In fact, many times guilt is narcissistic, self- centered and presumptuous!  Moira’s boyfriend Terry broke up with her without giving her a reason.  “I was stunned, so I confronted him, and he said he felt guilty because he didn’t want to marry me,” Moira said.  “I was flabbergasted by his presumption.  We had never talked about marriage, and it certainly wasn’t on my mind.  I am very independent and like my lifestyle.  I’m not sure I’d want to marry anyone.  I thought Terry was self-centered to assume I was hearing wedding bells.  It reminded me of that silly expression that is so true: “If you assume, you are making an ass out of ‘u’ and ‘me’.”  Then Terry added insult to injury by feeling guilty about my presumed unhappiness over not marrying him, even though he never bothered to find out my real feelings about marriage.  I was more angry at his assumptions about me than his breaking up with me.”

Moira and Terry were dealing with an immature form of guilt in which Terry felt overly responsible for Moira’s feelings.  In other words, he wasn’t “relating” with Moira.
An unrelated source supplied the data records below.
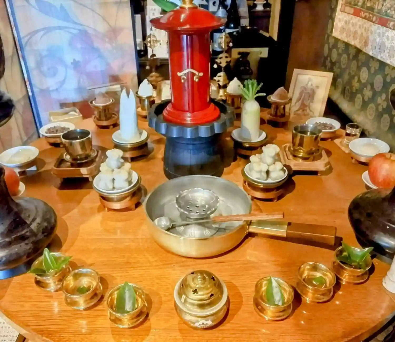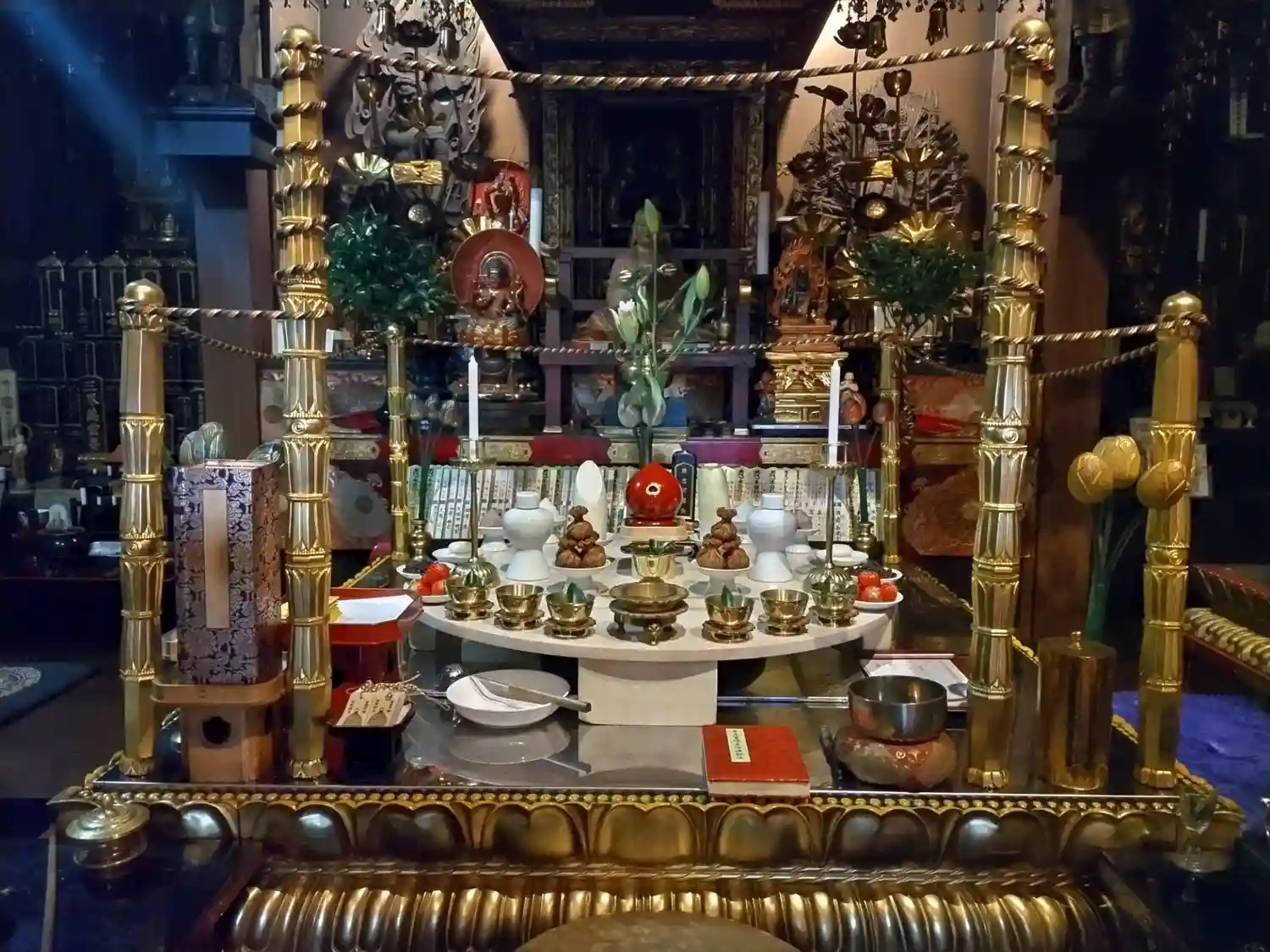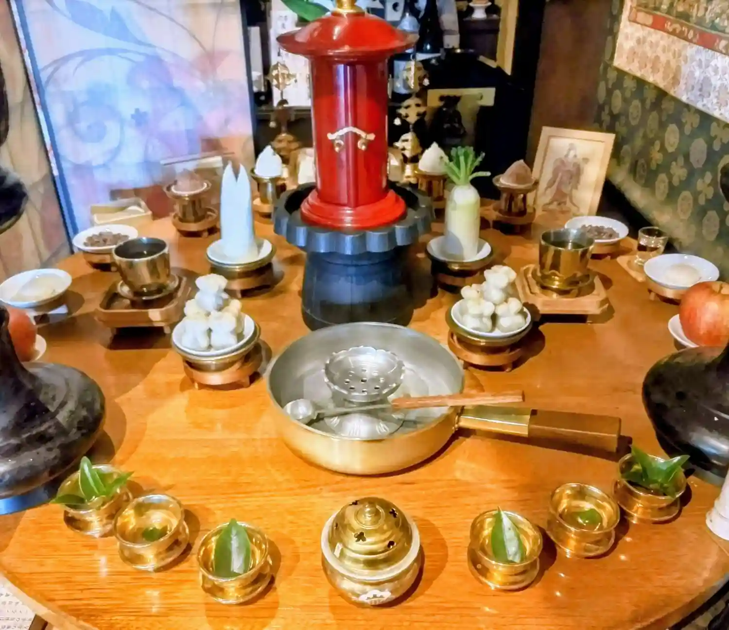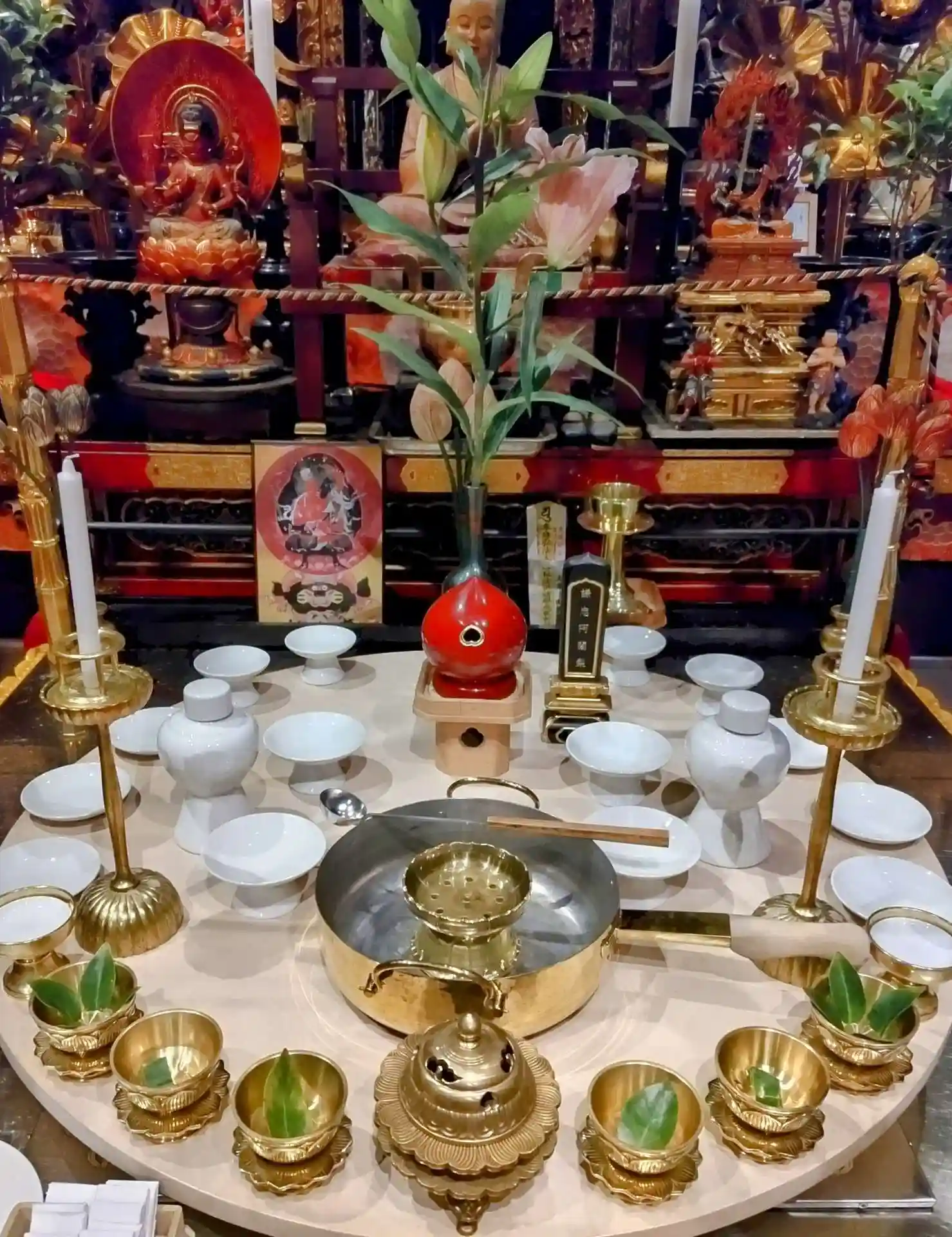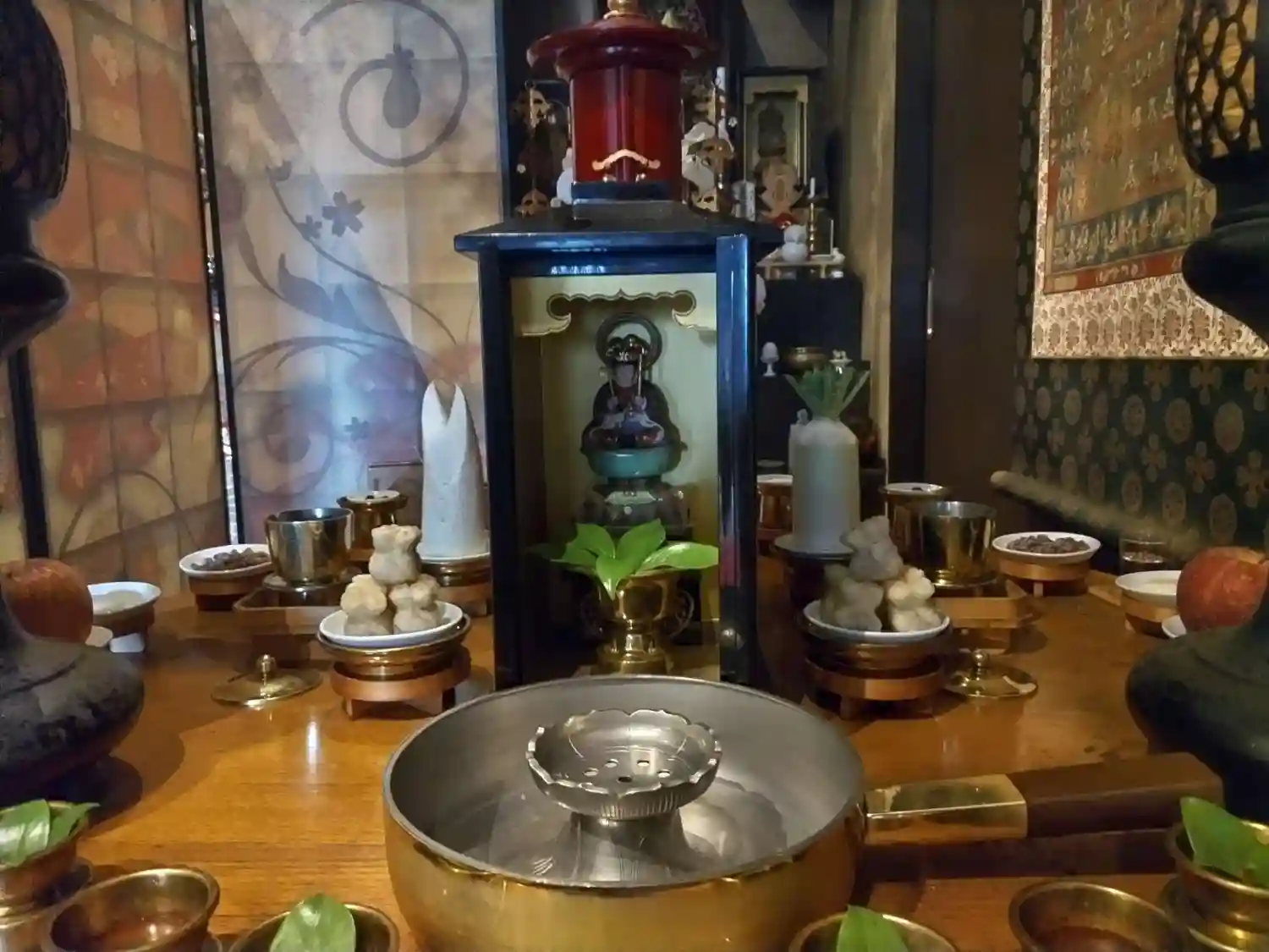 聖天壇。中央にタライを置き、秘仏聖天様の御尊体をお移しし、温めた油をお掛けして祈ります。
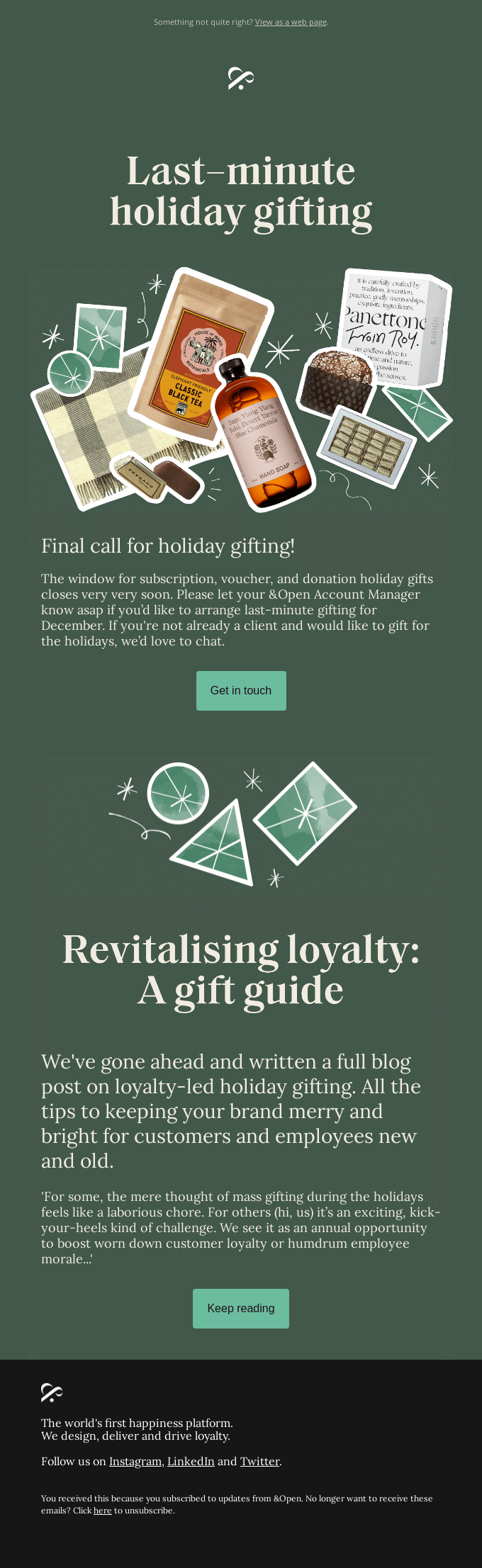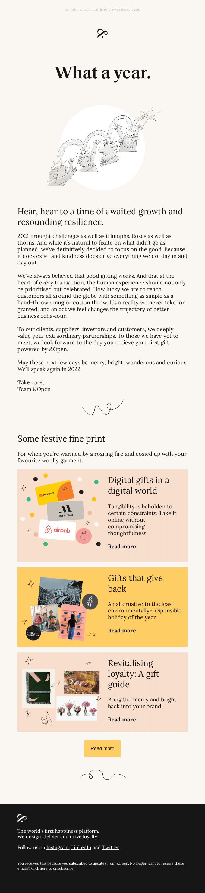 &Open is a happiness platform that brings happy newsletters, news, and occasional gifts. Here you can find &Open's email examples.
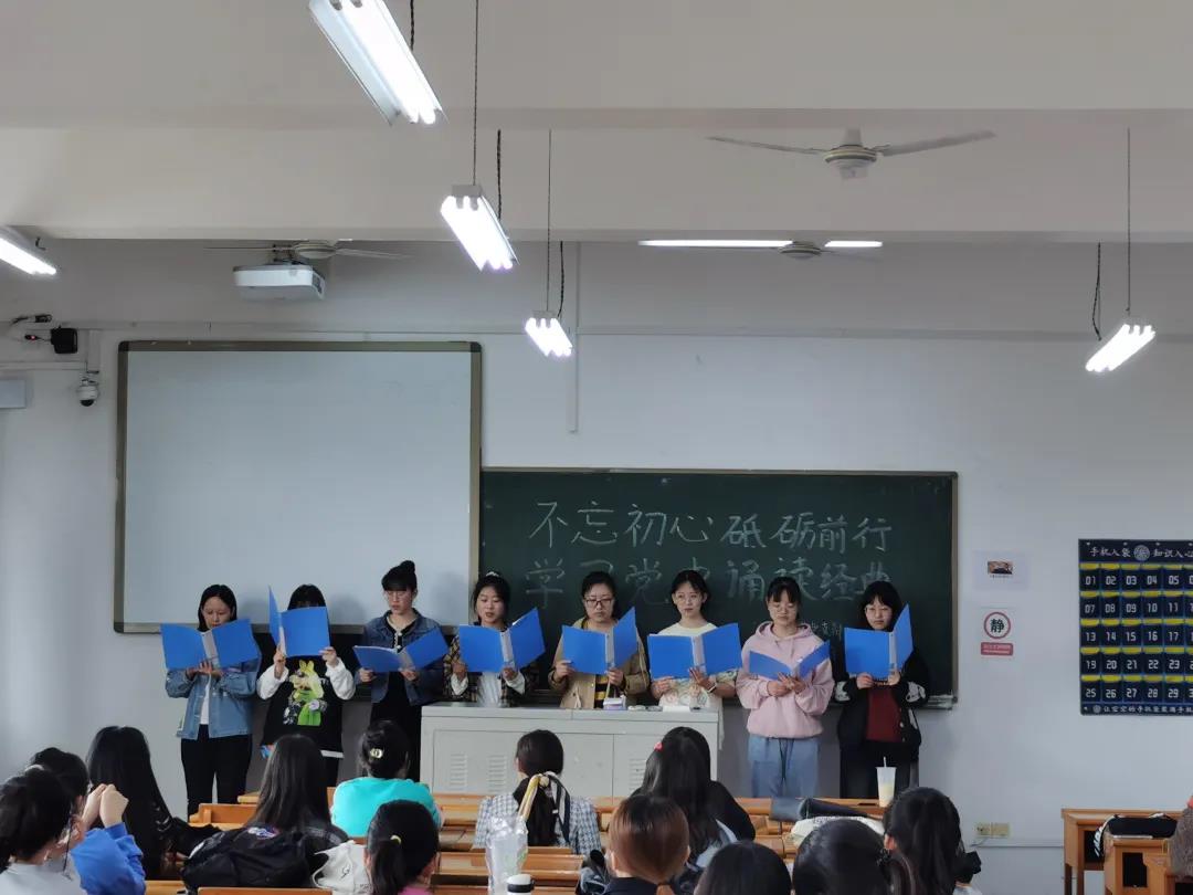 活动中,8名员工党员声情并茂地朗诵诗词《七律·长征》《忆秦娥·娄山关》《江城子·忆长征》,带领支部党员学习长征精神,传承红色经典。铿锵的背景音乐,坚定的诵读之声,让同学们真切感受到中国共产党在长征中折射出的崇高理想、坚定信念、不怕牺牲的革命精神和顾全大局、严守纪律、亲密团结的高尚品德。
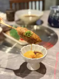 These chicken skewers, mixed with chicken cartilage, offer a rich texture. Dipping them in egg yolk adds a smooth and aromatic touch.
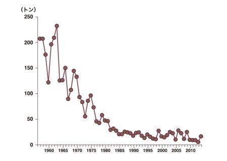 シラスウナギの国内漁獲量の推移(参考:農林水産省「漁業・養殖業生産統計年報」(1957~2002年)、2003年以降は水産庁調べをもとに編集者作成)
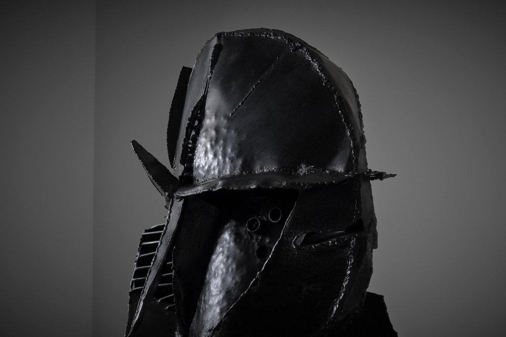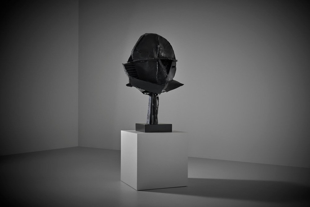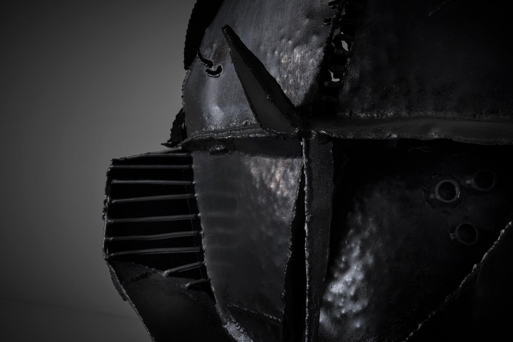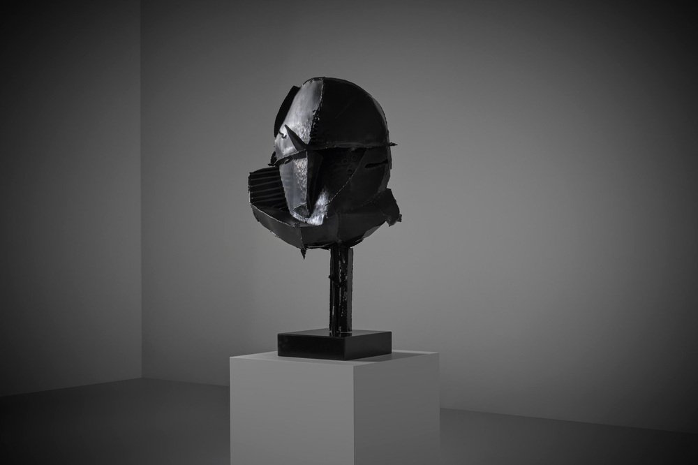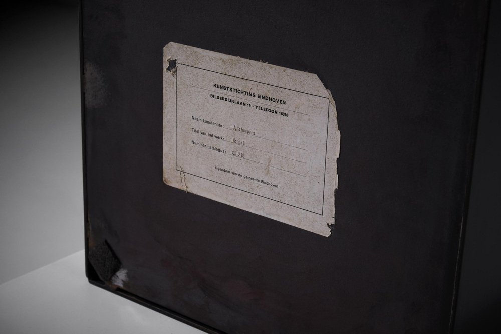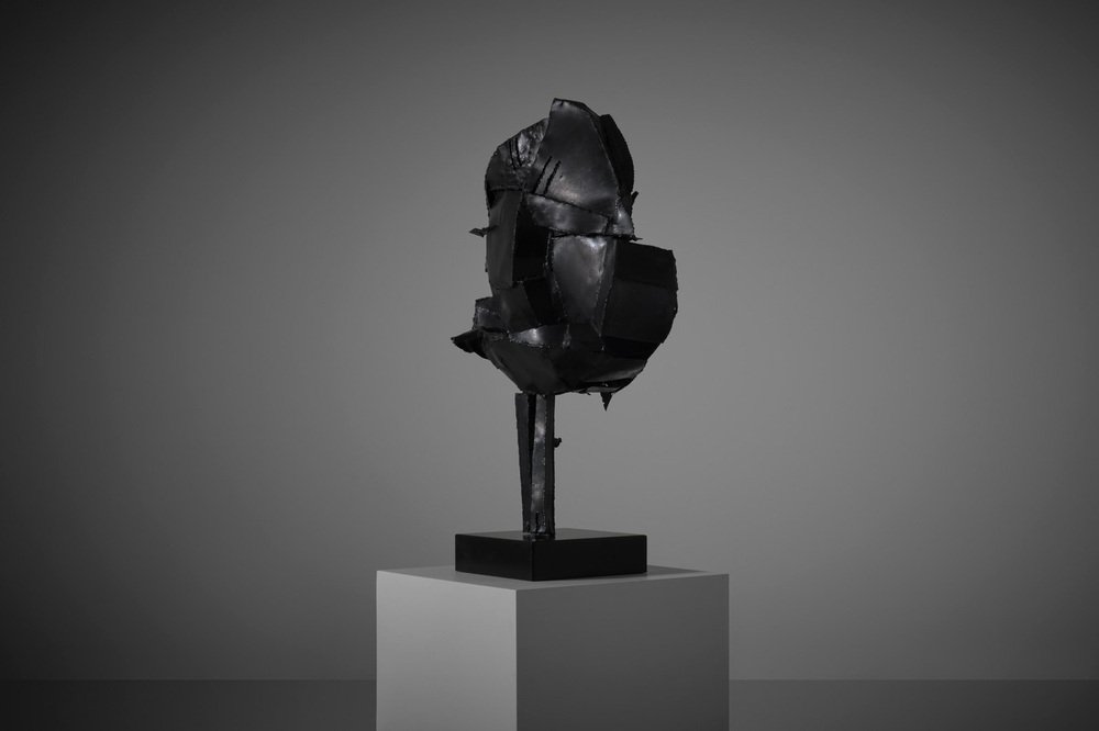 Escultura abstracta en metal de Jacques Scheepens, Países Bajos, década de 1960. Scheepens estudió en la Real Academia de Arte de Den Bosch de 1948 a 1951, practicó la escultura, la pintura, el dibujo y el objeto. La escultura se compone de varias chapas y varillas de metal forzadas y martilladas, soldadas entre sí para darles esta forma speactacular. Las líneas de soldadura dividen realmente la escultura en diferentes partes y subrayan su fuerte apariencia geométrica. La superficie presenta una agradable textura que confiere a la escultura un carácter único. La escultura se alza sobre una base metálica cuadrada (suelta), bella desde todos los ángulos. La escultura procede de la colección de arte de la ciudad de Eindhoven, firmada en la parte inferior. En excelente estado original.

Instead, he was projecting his beliefs onto her and taking a false responsibility for what he presumed she was feeling.  Terry could have handled this situation better by looking at the facts before making the distorted conjecture that Moira was ready for marriage.  Terry leapt blindly into a guilt reaction; he jumped to conclusions that were not there.  Had he communicated his concerns about marriage, he would not have insulted Moira but simply have opened the topic for discussion.  “Terry was feeling pressures that didn’t exist," Moira said.  “It’s too bad because I think we could have stayed together a little longer.  Now, we aren’t even friends.”

Real-Life Revelation:

Garden-variety guilt:

We’ve heard the phrase “garden variety” all our lives whenever someone describes a stereotype or common-place object.  But take a look at what grows in a garden-- many species of plants with one thing in common: they are all “garden variety.”  Guilt comes in many varieties too, but it is still guilt.  Or, in other words, guilt by any other name still smells as fetid.   Let’s take a look at the different kinds of guilt:

Guilt trips.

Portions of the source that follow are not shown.